"Il faut escalader !" C'est une phrase que l'on entend souvent en entreprise. Mais ce n'est pas forcément une bonne chose...
La vie classique d'une entreprise est faite de conflits avec d'autres entreprises. Des factures impayés qui s'accumulent, une livraison incomplète ou d'un produit défectueux, un service qui n'est pas effectué dans les temps... Ce sont des petits tracas du quotidien.
Moi, je suis de la vieille école. Celle où un cadre devait résoudre lui-même ses problèmes. C'était cette esprit d'initiative qui distinguait le cadre du vulgum pecus. Dire "M'sieur, m'sieur, il m'embête", c'était un aveux d'échec. Pourtant, j'ai l'impression que les procédures d'escalade se multiplient et se systématisent. Avec quatre symptômes :
1) La raison principale, c'est la culture du consensus. Le conflit est interdit. Cela donne des employés qui ne savent plus hausser le ton à bon escient. Voire parfois, qui sont surpris de découvrir qu'il existe des pierres d’achoppement. Donc ils tirent le signal d'alarme.
2) La variante du 1), c'est le "je vous l'avais bien dit". Un employé ayant un peu d'expérience sent d'emblée qu'une situation peut déraper. Mais parfois, les actions préventives sont difficile à mettre en place. Notamment l'employé, même senior, possède souvent peu de marge de manœuvre. Donc, il voit lentement mais sûrement le mur arriver et une fois dans le mur, il peut enfin bénéficier d'un soutien.
3) Sur les cas récurrents, les causes du conflit sont plus profondes. Il faudrait mettre en place une vraie équipe projet. Par exemple : un contrôle de sortie plus poussé, afin d'éviter les erreurs d'expédition. Mais la volonté n'est pas là. Alors l'employé doit éteindre un feu de forêt avec un jet d'eau.
4) La variante du 1) et du 3), c'est que l'employé est sous-dimensionné pour son poste (junior, quota...) C'est pour cela qu'il lève la main en permanence. Parfois, c'est même lui qui envenime un conflit a priori bénin.
Après, le N+1 n'est pas Superman ! Souvent, il ne sait pas davantage hausser le ton et il n'a pas de marges de manœuvre. L'arme du manager, c'est d'impressionner et de sonner la fin de la récré. Pour autant, s'il est sollicité au moindre accroc, la partie adverse s'inquiétera à peine, lorsqu'elle recevra un mail de lui.

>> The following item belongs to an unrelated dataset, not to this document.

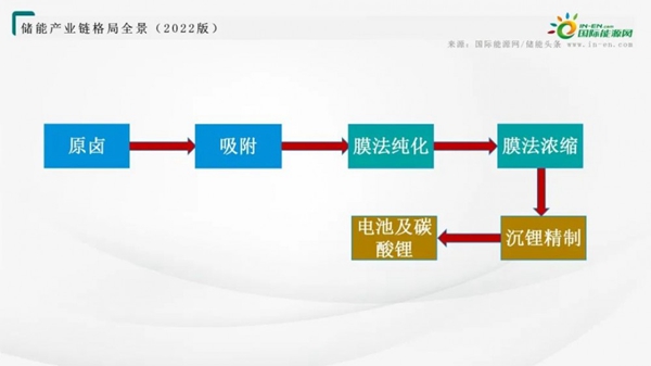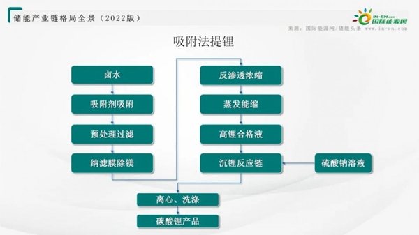 通過對鋰有選擇性的吸附劑吸附鹵水中的鋰,再用淡水解吸與其他雜質分離并富集,再通過小型鹽田濃縮后化學沉淀鋰。

Donc, on fait alors appel au N+2, voire au N+3. Du coup, certaines personnes s'impliquent dans l'affaire, au cas où il y ait quelque chose à en tirer. Pour peu que d'autres services interviennent, cela donne volontiers une usine à gaz, comme un mail avec dix personnes en copie ou des comités juste pour préparer un call... La conséquence, c'est une certaine pesanteur, vu que désormais, il faut que le N+3 valide chaque communication avec l'autre entreprise. Et des couacs, car parmi les nombreuses personnes en copie, il y a toujours des francs-tireurs.
Et je suis d'autant plus critique envers les processus d'escalade que plus vous montez haut, moins vous obtenez de résultat. Le N+3 n'est pas là pour s'occuper du day-to-day. Soit il bloque tout, car faute de connaissance du sujet, ses demandes sont inacceptables. Soit il trouve un soi-disant compromis avec son homologue, qui correspond peu ou prou aux exigences initiales de l'autre entreprise (et généralement, c'est l'un puis l'autre.)